Personally, when I'm writing technical documentation, I would write
in Pod for choice. I appreciate its lack of clutter.

... And also predictability, structure, the ease to run
structured searches against, etc.?

[...]
 
I

Ivan Shmakov

Ben Morrow said:
[...]
It doesn't. Yet I fail to understand the purpose the software may
embed some "hidden" non-code /creative/ work of its developer into
the resulting document.
Fonts? And they usually have quite restrictive licences, from a
'reusing in other documents' point of view.

Indeed. Though in practice, I fail to recall using any fonts
that fail to meet DFSG for my documents recently.

[...]
By applying common sense.
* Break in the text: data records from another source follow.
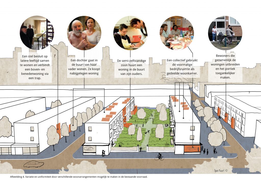 Kennelijk kunnen we als ontwerpers door het formuleren en visualiseren van mogelijkheden bijdragen aan het aantrekken van dergelijke initiatieven. En daarmee aan meer sociale samenhang en informele ontmoeting in een kwetsbare wijk. Wat daarbij opvalt, is dat de combinatie van woonwensen vooropstaat. Als de omgeving voldoende kneedbaar is, kunnen door samenvoegen, verbouwen en uitbreiden de ruimtelijke voorwaarden ontstaan waarmee het prettig wonen is.
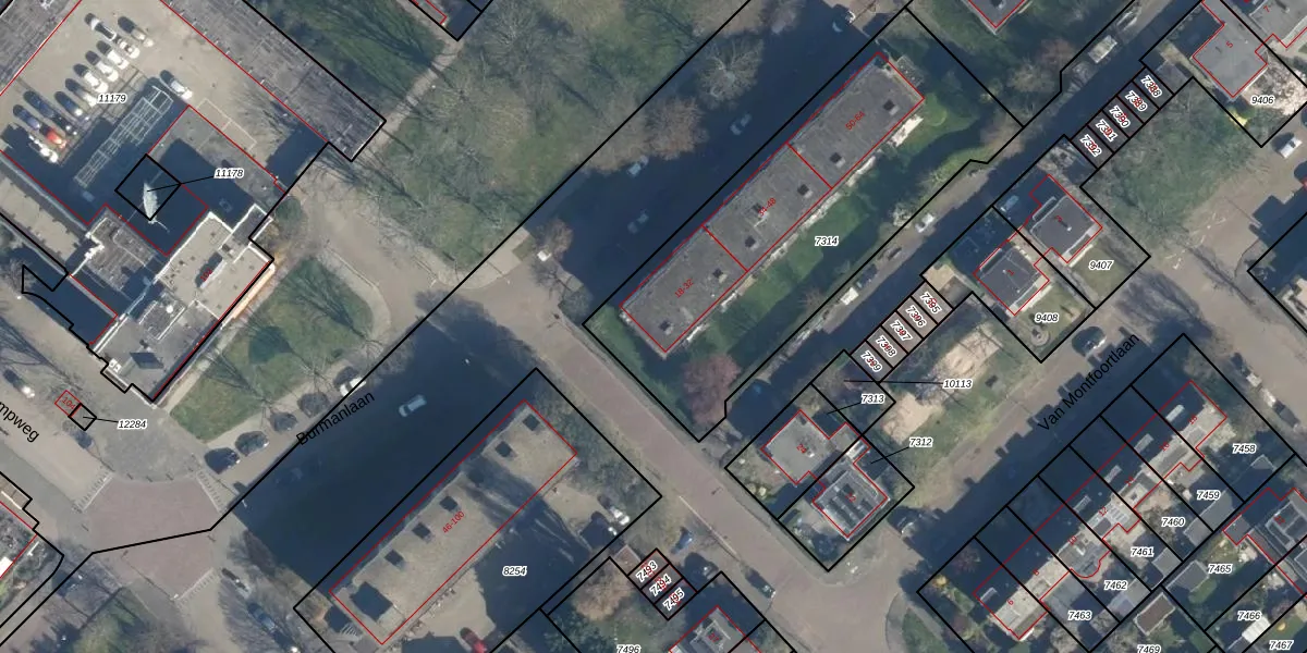 Het perceel waarop Burmanlaan 22 staat heeft een oppervlakte van 1667 m². Dit is een zeer groot perceel. De perceeloppervlakte wordt geregistreerd door het Kadaster. Gedetailleerde informatie over de maten van dit perceel kunt u vinden in het rapport Kadastrale kaart met maatvoering van Burmanlaan 22.
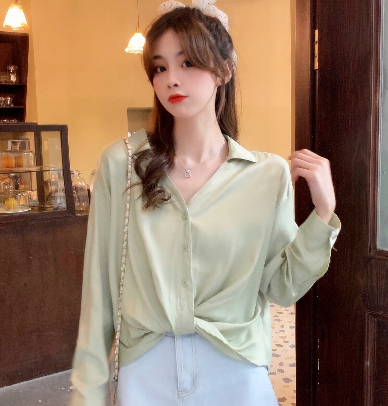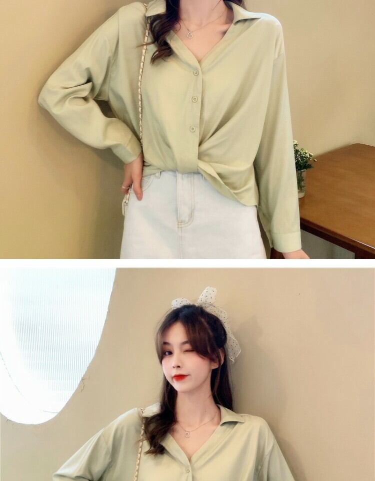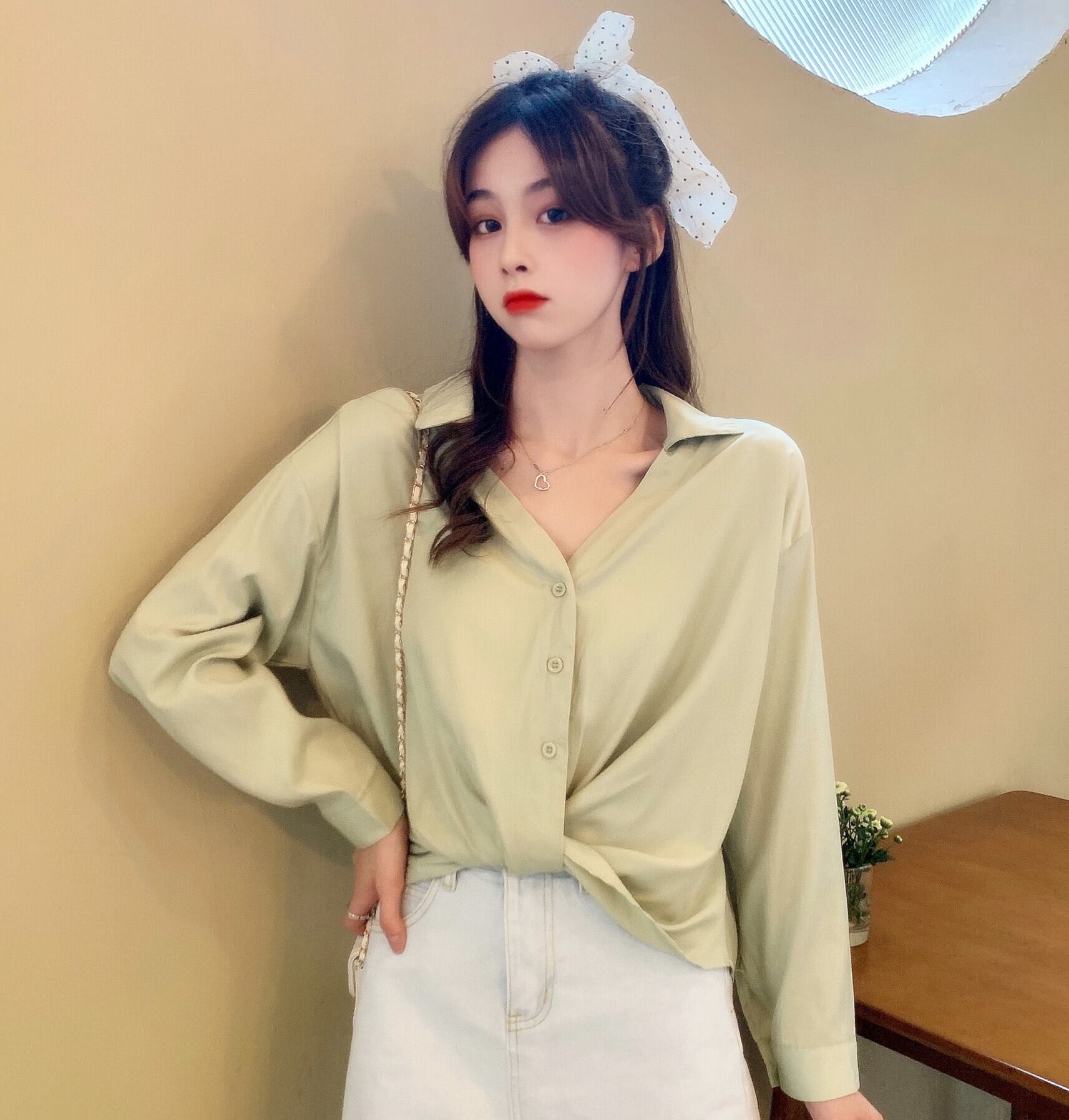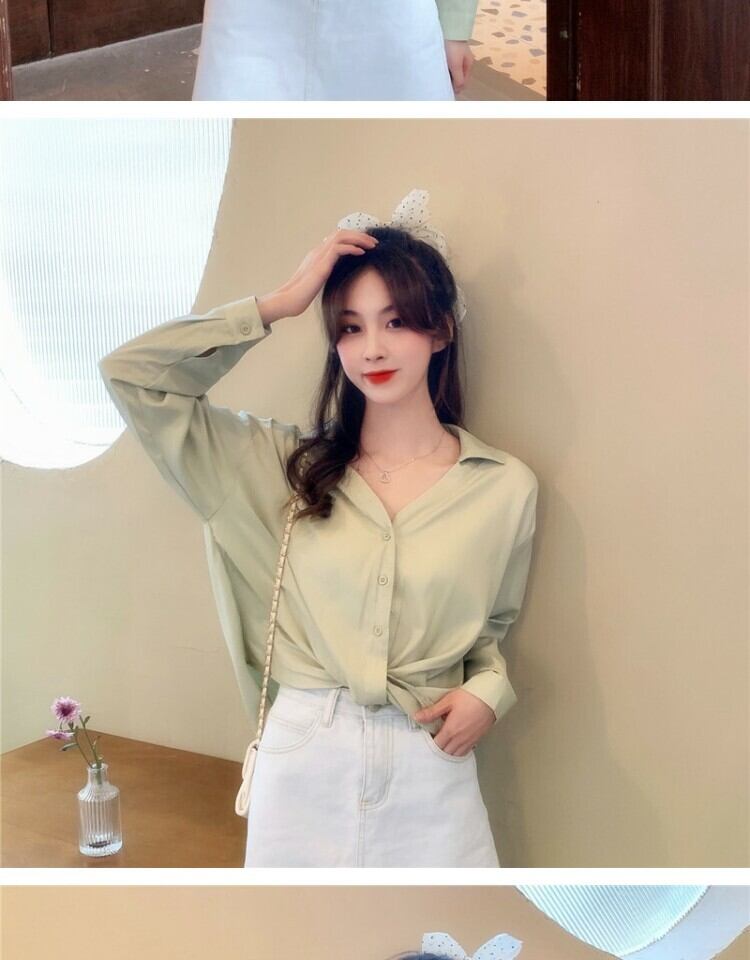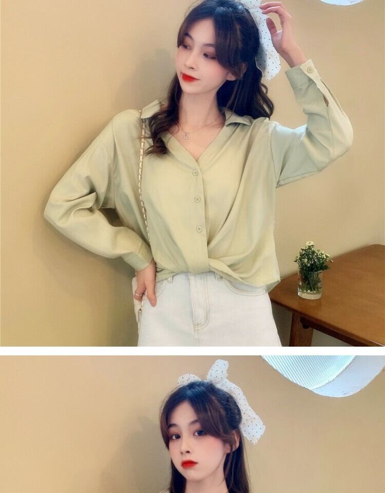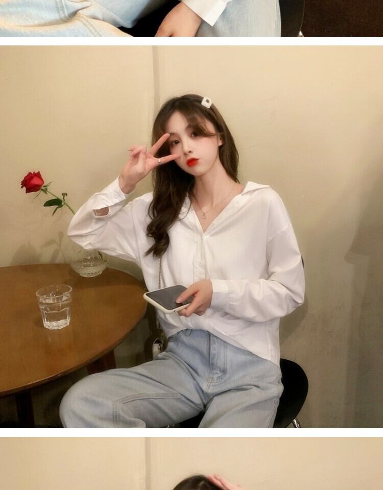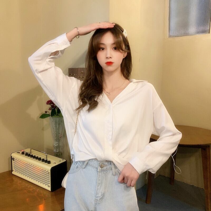 ホワイトシャツVネッククロススプリングスタンダードトップス ロング レトロ 春物 萌量不足39234987916
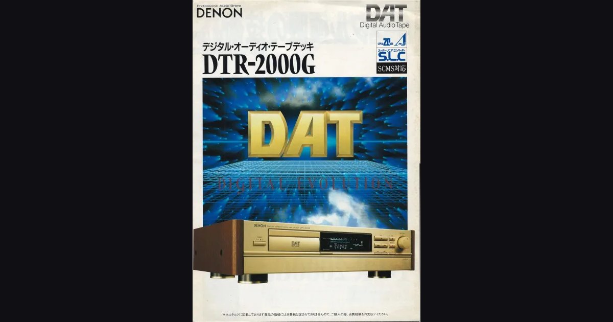 Буклет про DAT-деку DENON DTR-2000G, июнь 1990. Сам буклет сделан с выдумкой - разворот стр.2-3 с откидной нижней панелью, которая имитирует открытие крышки панели управления на плеере. DTR-2000G позиционируется как флагман с реальным 20-битным конвертером (не интерполяция) и фирменной схемой S.L.C. (Super Linear Converter), которая снижает нелинейные искажения при ЦАП-преобразовании. Цена ¥128,000. Последняя страница - рекламный блок с CD-чейнджером DCM-444G и фирменными DAT-кассетами R-120DT.

Your copyright and therefore your licence
applies to what you created, that is, to the content of the document.

And how the recipient is intended to know that?

The same applies to the other kinds of works, though. But for
the images and such, I'd expect the copyrights to be properly
stated in the /visible/ part of the document. For the fonts, it
may seem a bit excessive. Still, for the embedded code parts,
-- I wouldn't expect it to happen at all.

[...]
 
I

Ivan Shmakov

Your perl install is broken;

"It's not a bug."
it has been mangled by over-zealous packagers looking to save a few
bytes. You need to find which magic package to install to give you
the whole thing.

Fortunately, with the error message quoted above, the packagers
already made that a trivial thing to do.

JFTR: the purpose of such splits is to avoid the installation of
the documentation on the hosts that merely /run/ existing code,
and aren't used for the actual development. The installs I use
for Perl development are /ought/ to contain "perl-doc," but
I forgot to do it for this particular one, and I'm not quite
inclined to touch it in the foreseeable future. In the
meantime, I use http://search.cpan.org/perldoc? and
http://perldoc.perl.org/. (Besides, Lynx is almost as fancy as
the Emacs' own WoMan browser.)
OK, if that works for you. A lot of Perl programmers use perldoc,
and rely on it working properly, so providing documentation perldoc
can't find is not helpful.

Nowhere have I opposed the use of perldoc. What I contest is
the use of perldoc as the ultimate judge of the documentation
format.

To put it another way: if perldoc can't find the documentation,
-- it's clearly a bug. But it's not necessarily a bug in the
/documentation/ itself.

That being said, I'm (obviously) not familiar with perldoc.
Thus, I'm curious if there's any compelling reason for perldoc
/not/ to support, say, DocBook (or DITA, HTML, TEI, etc.)?

[...]
Why would I want to do that? The only thing I use groff for is to
read manpages.

ACK. Although I've found some other uses for groff on
occasions, as I've stated before, I don't usually use it for
reading the manpages, either.

[...]
If Perl is dying (which it isn't, by the way), it's not because we
don't use DocBook.

I didn't assert either of that. (Even though there're several
definitions of "dying," I guess I understand what you mean.)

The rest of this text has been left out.